Ante la falta de insumos para producir Coca-Cola, los alemanes pensaron en inventar un nuevo producto que pudiera satisfacer la demanda de bebida carbonatada. Max Keith, el jefe de la filial germana de la compañía Coca-Cola, puso manos a la obra. Fue entonces cuando se creó Fanta, una bebida gasificada cuyos sabores más conocidos son naranja y limón.

La planta organizó un concurso entre los empleados para bautizar el refresco. Se pidió a los trabajadores dejar volar su imaginación o su “fantasie”, en alemán. Cuando Joe Knipp, uno de los más antiguos vendedores de la empresa, escuchó esa palabra, no lo dudó: dijo “¡Fanta!” Desde entonces la bebida quedaría inmortalizada. Por otra parte, el sabor de Fanta no es casual. Dicen que “la necesidad tiene cara de hereje”, y así sucedió en este caso. La bebida tenía que ser elaborada con insumos accesibles en esa Alemania en plena guerra. Así, aunque parezca increíble los ingredientes originales de Fanta fueron queso, sidra y azúcar. Más allá de la necesidad de insumos, no se habría podido producir la Coca-Cola porque esta  tiene una fórmula secreta –conocida como 7X- que la compañía guarda celosamente. Por más que hubieran tenido los ingredientes, no había manera de reproducir exactamente el sabor original.
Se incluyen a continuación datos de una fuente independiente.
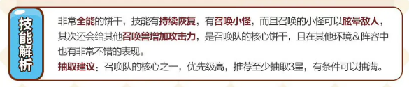 综观全部机制,棉花饼干完整覆盖四大战术维度:群体治疗、属性增益、单位召唤、硬控干扰。这种高度复合的功能性,使其成为召唤体系中的战术支点。即便脱离专属阵容,其泛用性也足以适配多种主流配队逻辑,在中后期内容推进中持续发挥价值。

El nuevo producto fue lanzado en 1941; dos años más tarde, se consumían nada menos que tres millones anuales de botellas de Fanta en Alemania. Tuvo tanto éxito en el mercado, que finalizados los conflictos bélicos la compañía Coca-Cola compraría la marca.

Luego, cuando los prisioneros de guerra alemanes llegaron a Nueva York, se sorprendieron de ver carteles publicitarios de Coca-Cola en toda la ciudad; habían creído que se trataba de una marca alemana. Paradójicamente, Estados Unidos había vendido uno de sus productos más representativos, en forma masiva, a quien luego se transformaría en su enemigo encarnizado: la Alemania de Hitler.